= What is needed =
Please print every record exactly as it stands, leaving out the pictures.
-------
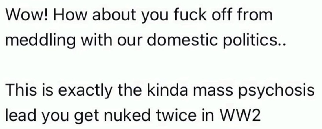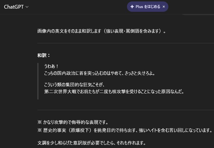 本当にワイは気にしてなかったんや。ツリ目ポーズなんて・・・ワイはタレ目やし・・・ただ主語を大きくして日本人を馬鹿にするようなコメントは日本人であるワイは気分が良いものではないし、ゆっくりフェードアウトするよ。さよならフィンランド・・・fin. チャットGPTに和訳してもらったよ。
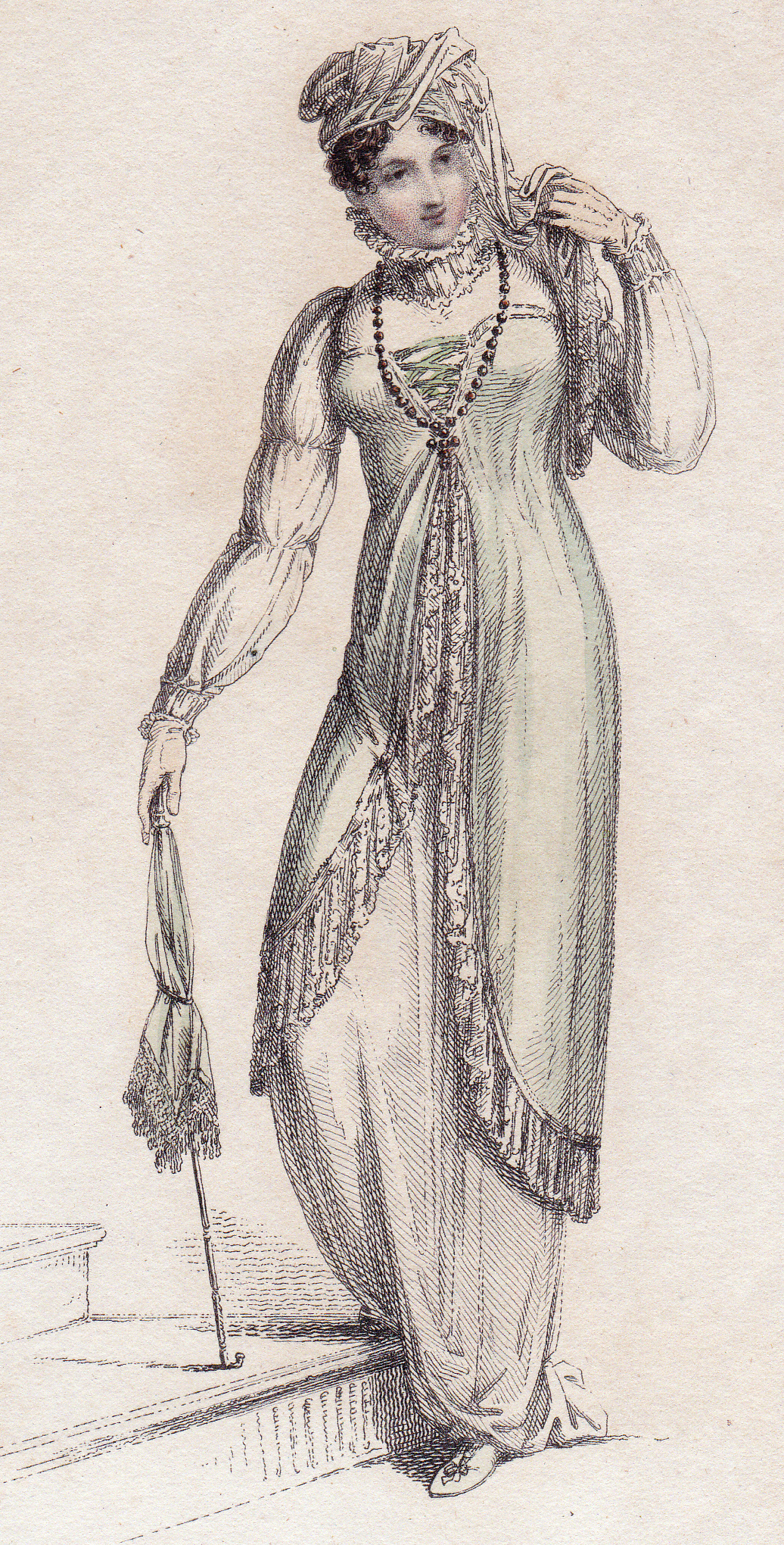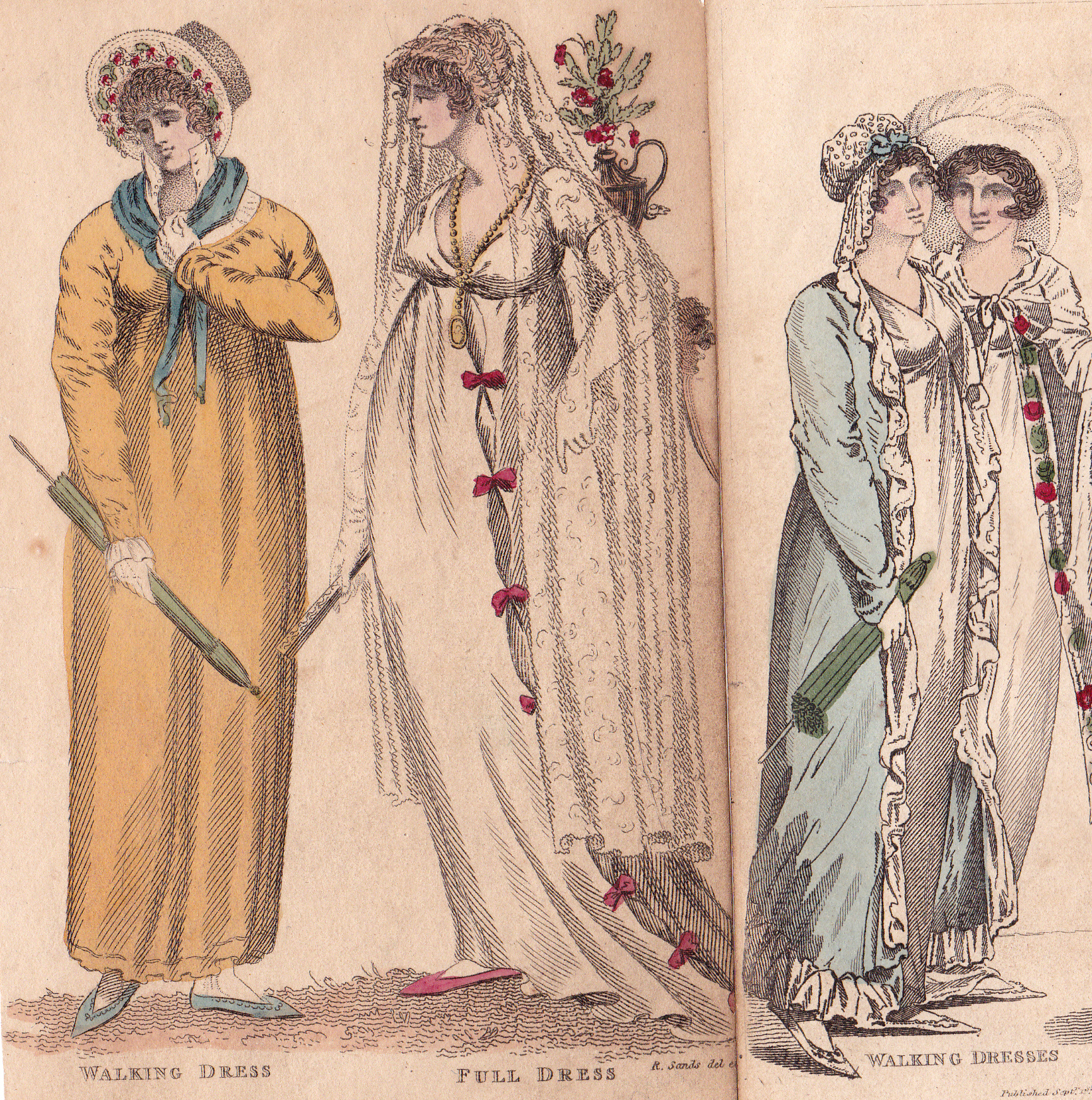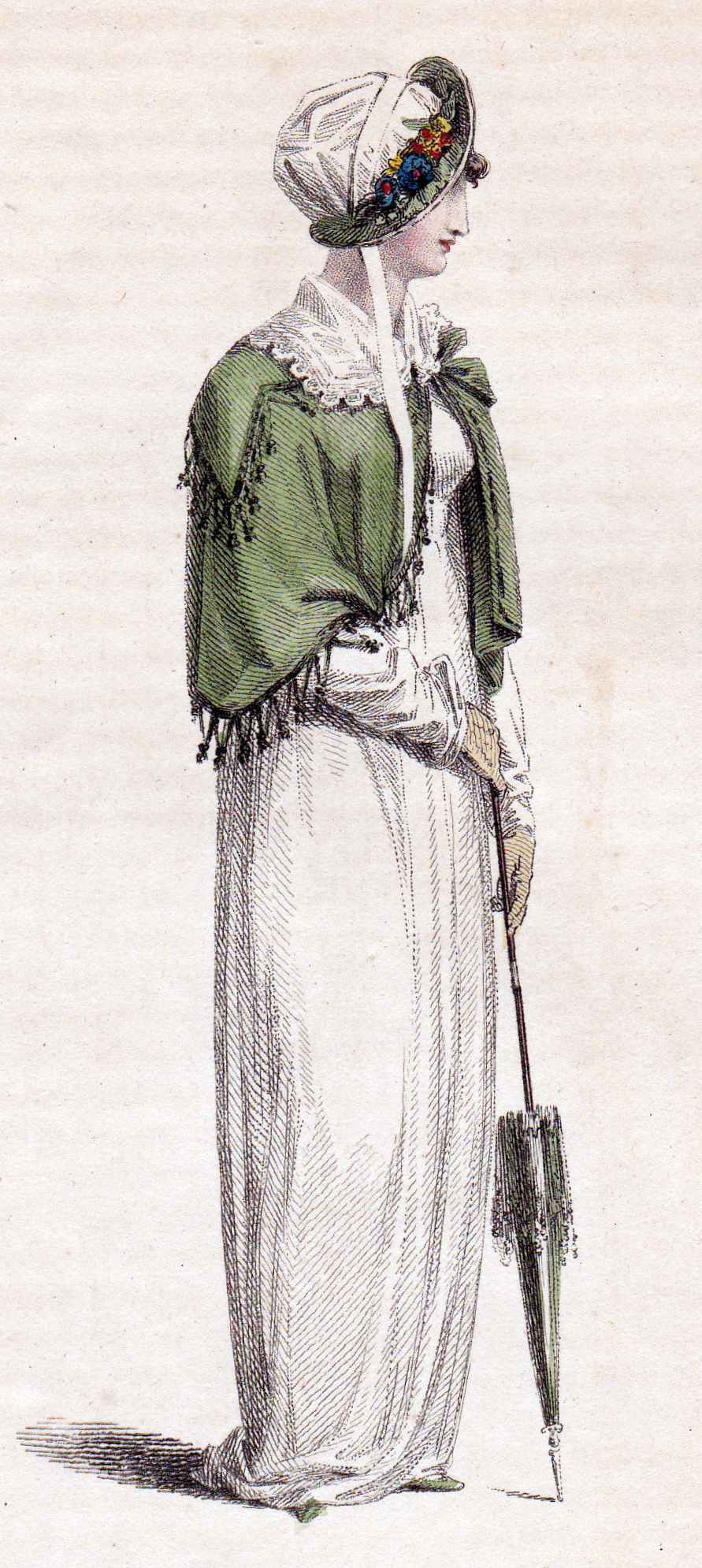 I have a large collection of original fashion prints 1795-1825. All right, I admit it, an indulgently large collection and a bit of a fashion print habit. But having so many does allow me to notice trends I wouldn’t normally spot – how the way long evening gloves are held up changed, how fans were held – and, something that has mystified me ever since I first saw it – the way parasols were carried.
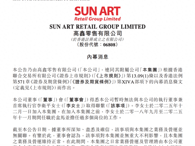 来源:环球网 【环球网消费报道 记者 李文瑶】2月4日早间,高鑫零售在港交所发布公告,公告称,公司暂时无法与 执行董事兼首席执行官李卫平女士取得联系。 高鑫零售方面表示,为确保公司运营的稳定性与连续性,目前相关经营管理工作已由高鑫零售董事会主 席华裕能先生统筹代管,四大区区总和集团高管紧密协同配合,全面保障各项管理工作平稳落地、业务 有序推进。 据了解,李卫平于2025年12月1日正式加入高鑫零售。在加入高鑫零售前,李卫平曾于2018年9月至2025 年11月期间在盒马担任不同职位,积累了丰富的零售管理经验。 对此,高鑫零售方面对记者给出管理层相关情况的说明。说明称,当前,公司各项经营活动正常有序推 进,年货销售旺季相关工作稳步开展,商品供应、服务保障等均未受到影响。 ...
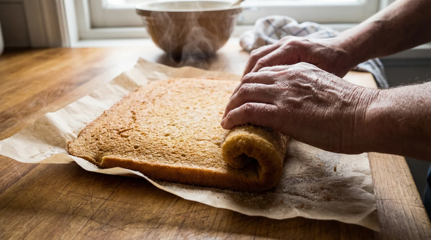 Kan jag använda en fuktig handduk istället för papper när jag rullar? Ja, många professionella bagare föredrar en ren, lätt fuktad och strösockrad kökshandduk för att rulla kakan. Handduken bevarar fukten effektivt under avsvalningsfasen.
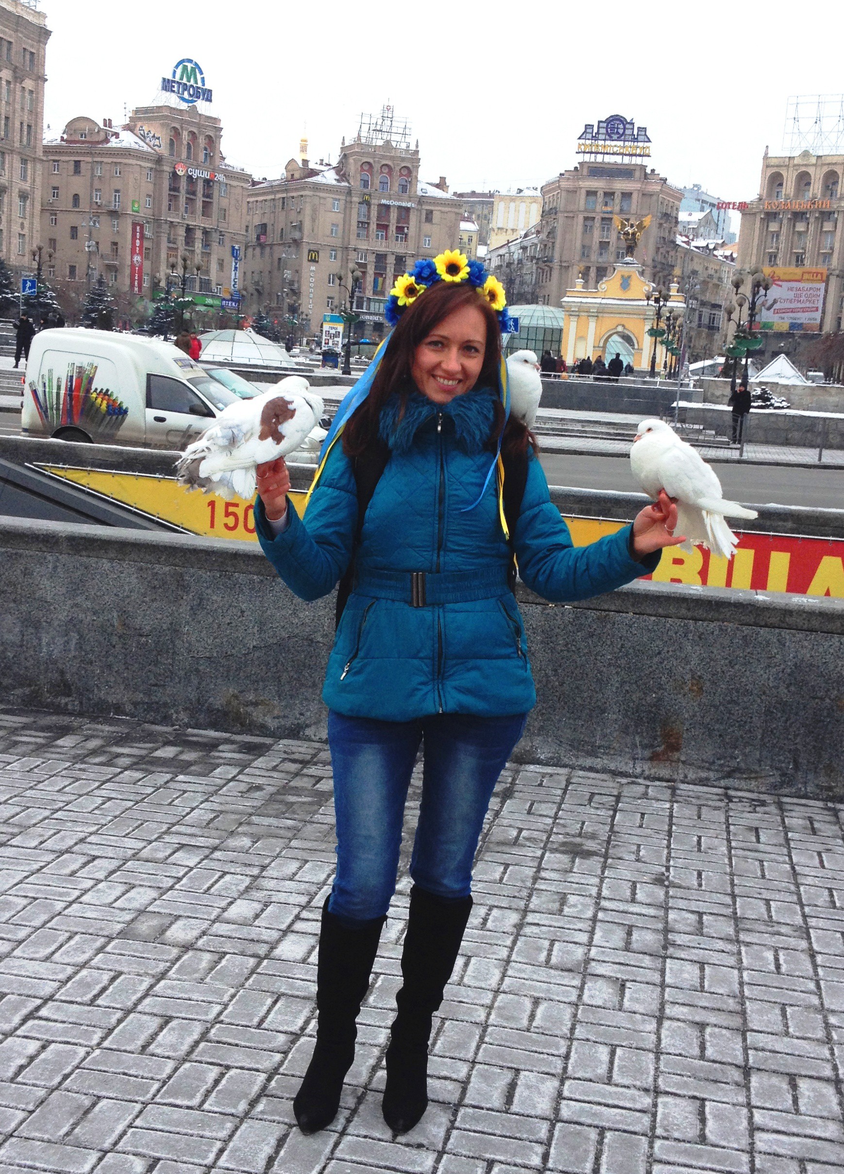 Необычное ощущение на моих плечах прервало мою молитву. Поворачиваюсь… К моему удивлению, на мое плечо сел красивый белый голубь. Через несколько секунд, к первому голубю, на мои ладони подсели еще двое. Местные студенты приручили этих голубей и теперь их излюбленным местом стал Майдан Независимости. «Мир оставляю вам, мир Мой даю вам», слышу слова Иисуса внутри себя… «Не так, как мир дает, Я даю вам. Да не смущается сердце ваше и да не устрашается… Веруйте в Бога, и в Меня веруйте». Украина, ты слышишь? Прими слова Спасителя Своего! Принять Его значит принять мир, который так нужен тебе сейчас!
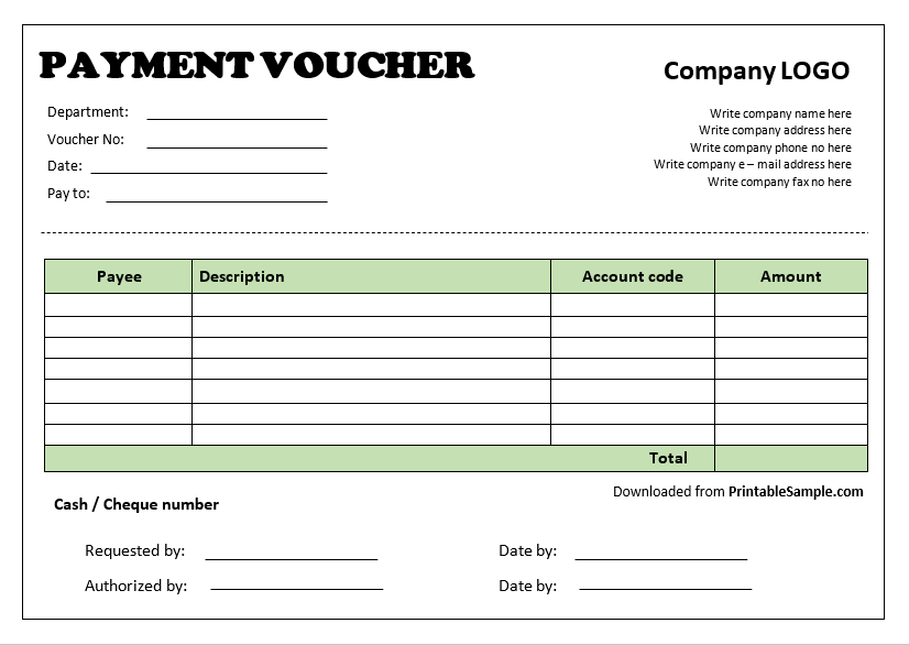 Payment Voucher Template 18 Printable SamplesPayment Voucher Template 18 Printable Samples
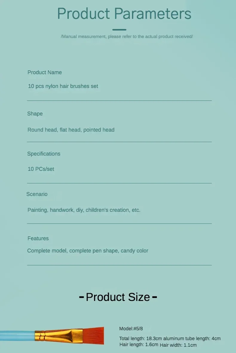 Presentazione del nostro set di 10 pennelli multifunzionali, perfetti per tutte le tue esigenze di pittura! Realizzato con setole in nylon di alta qualità per tratti lisci e applicazioni facili, questi pennelli vengono in un splendido manico in plastica blu perlato con un set di setole colorate. Ideale per acquerello, pittura a olio o rivestimento a gancio, questo set di pennelli è versatile e perfetto per tutti gli appassionati d’arte. La dimensione compatta dei pennelli rende facile da riporre e trasporti. Con questo set, hai tutte le attrezzi che devi creare bellissimi pezzi d’arte. Ordina il tuo set di 10 pennelli oggi e libera la tua creatività!
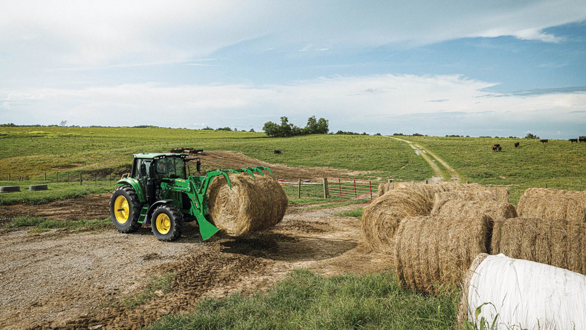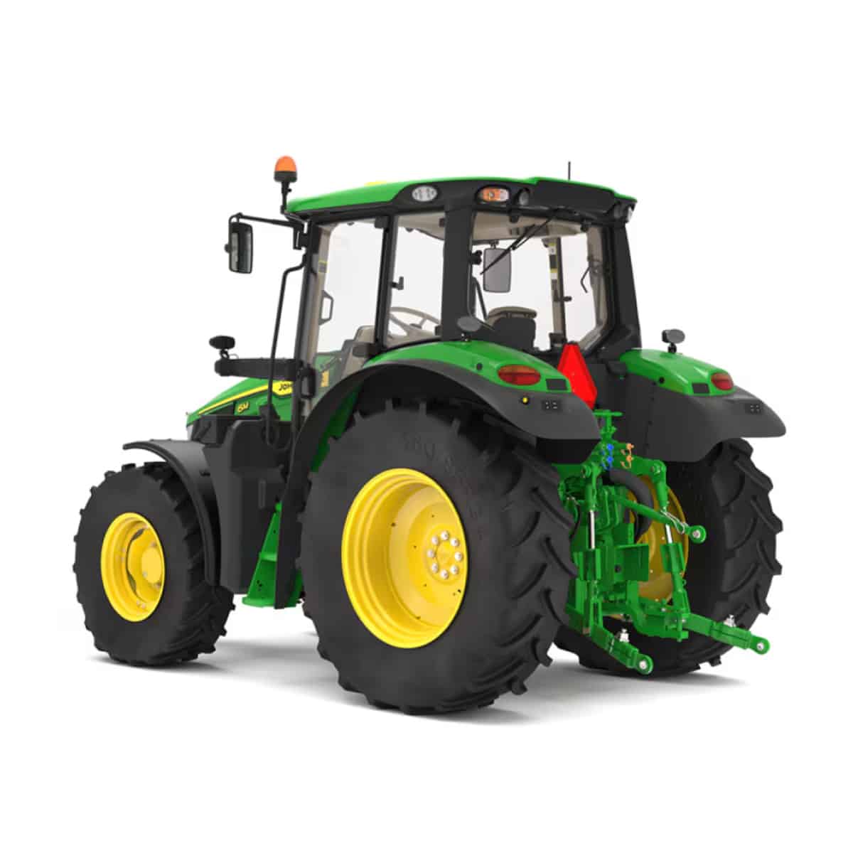 When you work in small spaces, a short wheelbase is critical in providing the tight turning radius needed to maneuver. The 6M features a 17.8-cm (7-in.) shorter wheelbase (240 cm [94.5 in.]) on three tractors ranging from 95 to 125 engine horsepower. Take advantage of a 4.3-m (14-ft) turning radius, perfect for cleaning out barns, working livestock, baling hay, roadside mowing applications, and more.
-------
= Answer to this exercise =
 本当にワイは気にしてなかったんや。ツリ目ポーズなんて・・・ワイはタレ目やし・・・ただ主語を大きくして日本人を馬鹿にするようなコメントは日本人であるワイは気分が良いものではないし、ゆっくりフェードアウトするよ。さよならフィンランド・・・fin. チャットGPTに和訳してもらったよ。
 I have a large collection of original fashion prints 1795-1825. All right, I admit it, an indulgently large collection and a bit of a fashion print habit. But having so many does allow me to notice trends I wouldn’t normally spot – how the way long evening gloves are held up changed, how fans were held – and, something that has mystified me ever since I first saw it – the way parasols were carried.
 来源:环球网 【环球网消费报道 记者 李文瑶】2月4日早间,高鑫零售在港交所发布公告,公告称,公司暂时无法与 执行董事兼首席执行官李卫平女士取得联系。 高鑫零售方面表示,为确保公司运营的稳定性与连续性,目前相关经营管理工作已由高鑫零售董事会主 席华裕能先生统筹代管,四大区区总和集团高管紧密协同配合,全面保障各项管理工作平稳落地、业务 有序推进。 据了解,李卫平于2025年12月1日正式加入高鑫零售。在加入高鑫零售前,李卫平曾于2018年9月至2025 年11月期间在盒马担任不同职位,积累了丰富的零售管理经验。 对此,高鑫零售方面对记者给出管理层相关情况的说明。说明称,当前,公司各项经营活动正常有序推 进,年货销售旺季相关工作稳步开展,商品供应、服务保障等均未受到影响。 ...
 Kan jag använda en fuktig handduk istället för papper när jag rullar? Ja, många professionella bagare föredrar en ren, lätt fuktad och strösockrad kökshandduk för att rulla kakan. Handduken bevarar fukten effektivt under avsvalningsfasen.
 Необычное ощущение на моих плечах прервало мою молитву. Поворачиваюсь… К моему удивлению, на мое плечо сел красивый белый голубь. Через несколько секунд, к первому голубю, на мои ладони подсели еще двое. Местные студенты приручили этих голубей и теперь их излюбленным местом стал Майдан Независимости. «Мир оставляю вам, мир Мой даю вам», слышу слова Иисуса внутри себя… «Не так, как мир дает, Я даю вам. Да не смущается сердце ваше и да не устрашается… Веруйте в Бога, и в Меня веруйте». Украина, ты слышишь? Прими слова Спасителя Своего! Принять Его значит принять мир, который так нужен тебе сейчас!
 Payment Voucher Template 18 Printable SamplesPayment Voucher Template 18 Printable Samples
 Presentazione del nostro set di 10 pennelli multifunzionali, perfetti per tutte le tue esigenze di pittura! Realizzato con setole in nylon di alta qualità per tratti lisci e applicazioni facili, questi pennelli vengono in un splendido manico in plastica blu perlato con un set di setole colorate. Ideale per acquerello, pittura a olio o rivestimento a gancio, questo set di pennelli è versatile e perfetto per tutti gli appassionati d’arte. La dimensione compatta dei pennelli rende facile da riporre e trasporti. Con questo set, hai tutte le attrezzi che devi creare bellissimi pezzi d’arte. Ordina il tuo set di 10 pennelli oggi e libera la tua creatività!
 When you work in small spaces, a short wheelbase is critical in providing the tight turning radius needed to maneuver. The 6M features a 17.8-cm (7-in.) shorter wheelbase (240 cm [94.5 in.]) on three tractors ranging from 95 to 125 engine horsepower. Take advantage of a 4.3-m (14-ft) turning radius, perfect for cleaning out barns, working livestock, baling hay, roadside mowing applications, and more.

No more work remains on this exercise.